== Data extracts

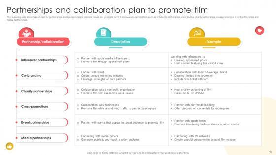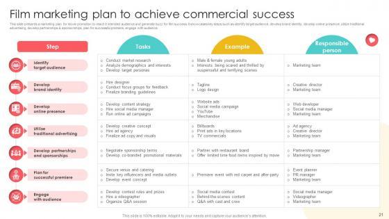 This slide presents a marketing plan for movie promotion to reach it intended audience and generate buzz for film success. It showcases key steps such as identify target audience, develop brand identity, develop online presence, utilize traditional advertising, develop partnerships and sponsorships, plan for successful premiere, engage with audience. Crafting an eye-catching presentation has never been more straightforward. Let your presentation shine with this tasteful yet straightforward Marketing Channels For Movie Film Marketing Plan To Achieve Commercial Success Strategy SS V template. It offers a minimalistic and classy look that is great for making a statement. The colors have been employed intelligently to add a bit of playfulness while still remaining professional. Construct the ideal Marketing Channels For Movie Film Marketing Plan To Achieve Commercial Success Strategy SS V that effortlessly grabs the attention of your audience Begin now and be certain to wow your customers This slide presents a marketing plan for movie promotion to reach it intended audience and generate buzz for film success. It showcases key steps such as identify target audience, develop brand identity, develop online presence, utilize traditional advertising, develop partnerships and sponsorships, plan for successful premiere, engage with audience.
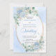 Make your special day unforgettable with this elegant watercolor wedding invitation, thoughtfully designed to shine with Zazzle’s premium print quality. Featuring soft pastel blue hydrangeas, delicate eucalyptus and greenery foliage, and a refined gold glitter oval frame, this invitation blends timeless romance with modern sophistication.
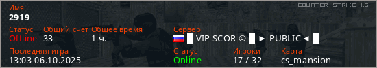 Играет на Counter Strike 1.6 сервере. Страна: РоссияПервый раз замечен 19:47 07.09.2025
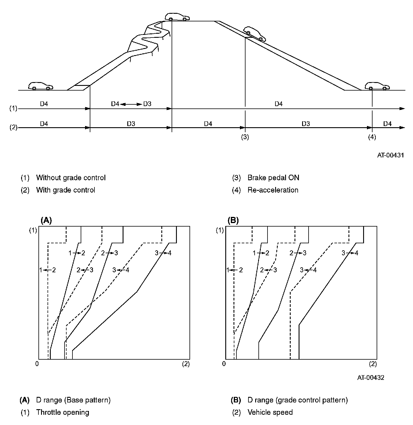 When the vehicle is descending a steep slope at a speed of approximately 80 km/h (50 MPH), a 4th to 3rd downshift occurs automatically when the brake pedal is depressed. This gearshift control is cancelled when the accelerator pedal is depressed.
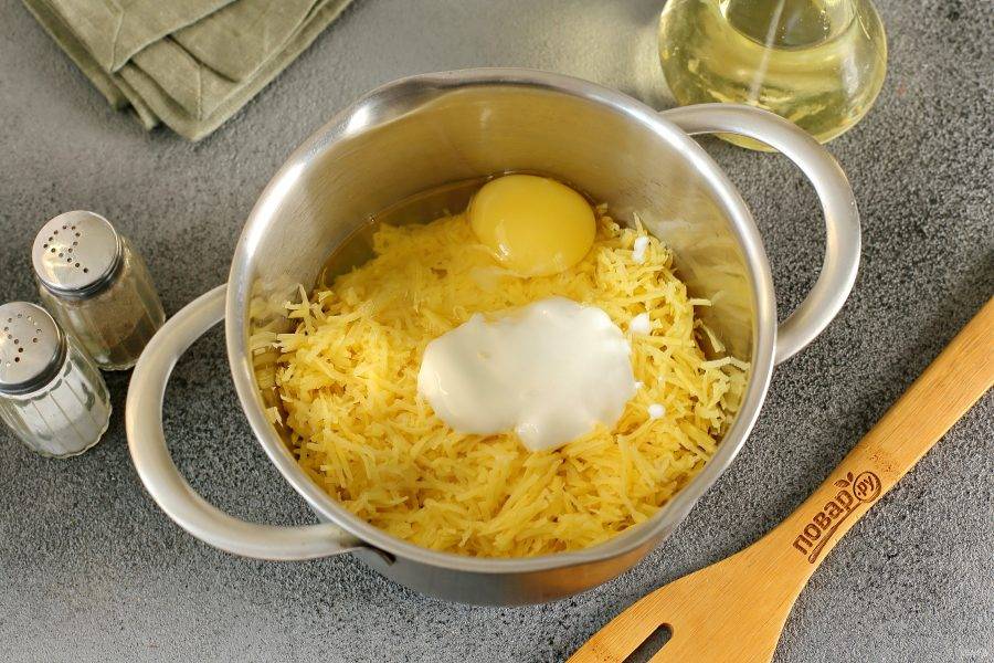 Добавьте сметану и яйцо.

====

Skip the pictures and transcribe the rest of the records exactly.

| Result |
 This slide presents a marketing plan for movie promotion to reach it intended audience and generate buzz for film success. It showcases key steps such as identify target audience, develop brand identity, develop online presence, utilize traditional advertising, develop partnerships and sponsorships, plan for successful premiere, engage with audience. Crafting an eye-catching presentation has never been more straightforward. Let your presentation shine with this tasteful yet straightforward Marketing Channels For Movie Film Marketing Plan To Achieve Commercial Success Strategy SS V template. It offers a minimalistic and classy look that is great for making a statement. The colors have been employed intelligently to add a bit of playfulness while still remaining professional. Construct the ideal Marketing Channels For Movie Film Marketing Plan To Achieve Commercial Success Strategy SS V that effortlessly grabs the attention of your audience Begin now and be certain to wow your customers This slide presents a marketing plan for movie promotion to reach it intended audience and generate buzz for film success. It showcases key steps such as identify target audience, develop brand identity, develop online presence, utilize traditional advertising, develop partnerships and sponsorships, plan for successful premiere, engage with audience.
 Make your special day unforgettable with this elegant watercolor wedding invitation, thoughtfully designed to shine with Zazzle’s premium print quality. Featuring soft pastel blue hydrangeas, delicate eucalyptus and greenery foliage, and a refined gold glitter oval frame, this invitation blends timeless romance with modern sophistication.
 Играет на Counter Strike 1.6 сервере. Страна: РоссияПервый раз замечен 19:47 07.09.2025
 When the vehicle is descending a steep slope at a speed of approximately 80 km/h (50 MPH), a 4th to 3rd downshift occurs automatically when the brake pedal is depressed. This gearshift control is cancelled when the accelerator pedal is depressed.
 Добавьте сметану и яйцо.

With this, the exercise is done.